The songs stuck in Florence Welch's head
The singer for Florence + the Machine, whose ‘Ceremonials' is out Tuesday, has been listening to Beyoncé, Suicide, Freddie King and more.
Florence + the Machine's ethereal punk rock blues debut was one of the more unlikely breakthrough albums of 2009. It propelled singer Florence Welch (a virtual one-woman show) to gold status in America and pushed the redheaded 25-year-old onto magazine covers and best-of-year lists.
On her new album, “Ceremonials,” the British singer doubles down on the Voice that propelled her breakout power-soul single, “Dog Days Are Over,” by layering her vocals to create choir-like depth. The record, produced by Paul Epworth, is one of the most anticipated of the fall season, and comes out Tuesday.
Florence, a self-professed music geek, recently spoke to Pop & Hiss about her listening habits.
How did you educate yourself in music growing up?
I went through a real grunge phase through friends I was hanging out with, and boys I fancied, and having all the brothers who were into skateboard music.
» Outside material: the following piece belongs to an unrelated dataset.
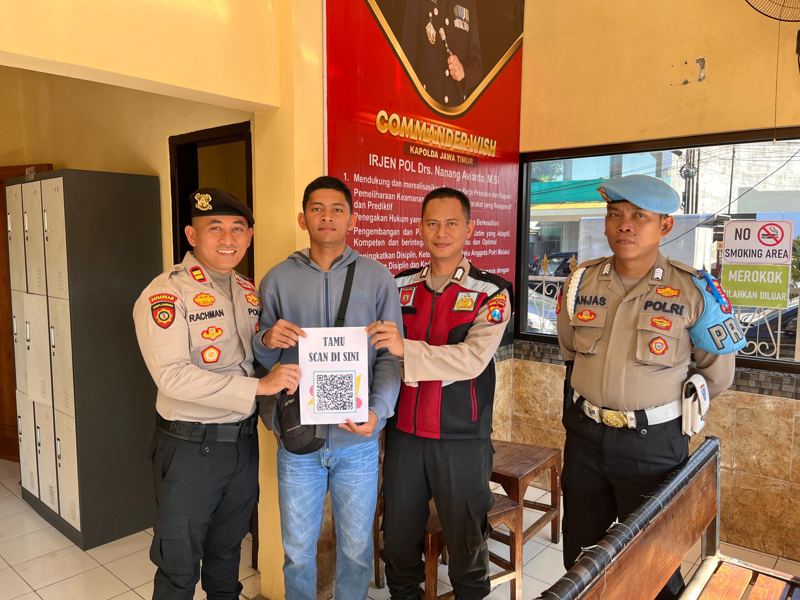 Situbondo, Katapublikjatim – Samapta Polres Situbondo menghadirkan sebuah inovasi baru dalam layanan publik dengan meluncurkan sistem registrasi tamu berbasis teknologi digital. Inovasi ini menggantikan metode konvensional pencatatan tamu melalui buku manual dengan sistem digital yang terintegrasi langsung menggunakan Google Form dan Barcode Scan.

And then I think what was really influential growing up in South London was there was a big college scene, and going to the adult college parties before I had even gone to art college — I was hearing Martha Reeves and the Vandellas, Talking Heads, Tom Waits, Kate Bush, Motown, northern soul mixed with ELO and things like that.
And I was going to a lot of live performances, as well, at squat parties with garage punk art bands — and I think that really influenced me and my musical tastes around that time. A lot of time was spent listening to music with my dad in the car. We had tapes, and we'd be listening to Love and the Smiths and Velvet Underground — especially that Love song, “Andmoreagain.”
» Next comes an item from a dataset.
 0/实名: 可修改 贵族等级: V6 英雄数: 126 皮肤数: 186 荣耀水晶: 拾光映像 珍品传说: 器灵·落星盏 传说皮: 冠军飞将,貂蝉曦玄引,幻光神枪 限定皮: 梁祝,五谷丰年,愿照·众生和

Right now I'm really interested in the new Kanye and Jay-Z record, “Watch the Throne.” I'm a huge Jay-Z and Kanye fan, and there's a song on it called “Lift Off” that has Beyoncé on it, and it's pretty amazing. While we were on tour I was running around San Francisco — I like to go running outdoors in new places because you can explore the city — and that song was playing as I was running up the hills of San Fran through Chinatown. It was amazing, seeing the trams, and suddenly you can see the sea and the bridges. It was just a really amazing moment.
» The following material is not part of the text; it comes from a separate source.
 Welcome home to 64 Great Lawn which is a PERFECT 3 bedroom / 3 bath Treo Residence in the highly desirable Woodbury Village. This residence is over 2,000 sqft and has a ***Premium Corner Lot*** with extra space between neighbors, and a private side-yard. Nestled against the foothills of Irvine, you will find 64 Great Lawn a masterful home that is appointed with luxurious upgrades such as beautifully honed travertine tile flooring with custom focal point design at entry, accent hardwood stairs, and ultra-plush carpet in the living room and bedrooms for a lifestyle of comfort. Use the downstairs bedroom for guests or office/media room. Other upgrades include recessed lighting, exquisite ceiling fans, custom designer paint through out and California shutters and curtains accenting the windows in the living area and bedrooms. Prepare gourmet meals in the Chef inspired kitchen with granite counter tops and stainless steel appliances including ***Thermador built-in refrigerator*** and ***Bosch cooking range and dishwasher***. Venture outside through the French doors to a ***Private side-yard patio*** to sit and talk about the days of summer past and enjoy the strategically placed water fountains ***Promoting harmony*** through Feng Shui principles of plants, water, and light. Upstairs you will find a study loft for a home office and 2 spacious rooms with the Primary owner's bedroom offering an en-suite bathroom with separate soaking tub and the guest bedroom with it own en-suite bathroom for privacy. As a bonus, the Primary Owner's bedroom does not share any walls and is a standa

Is that how you hear a lot of music, while you're running?
I listen to a lot of high-octane stuff, like Beyoncé — “Countdown” is a really good one to run to. And I wouldn't say I was an athletic runner. I'd say I'm more of balletic runner. I always end up doing a lot of leaps and jumping on park benches and doing twirls because I get so carried away with the music — dancing at street signs.
Are you somebody who always has a song running through your head?
Constantly, constantly. I could never remember anything as a child apart from songs. I was really bad at math and organization, but music I could always remember. I could always remember a song as soon as I heard it on the radio, and that means that there were constantly songs stuck in my head.
Were there particular recordings or music styles that you and Paul were listening to while you made “Ceremonials”?
Paul was really obsessed with things like ... Buttons and Suicide, so we listened to a lot of them. And we were listening to a lot of blues, like Freddie King. It was a real mix of this tribal electronic stuff and soul, which I think comes across in the record.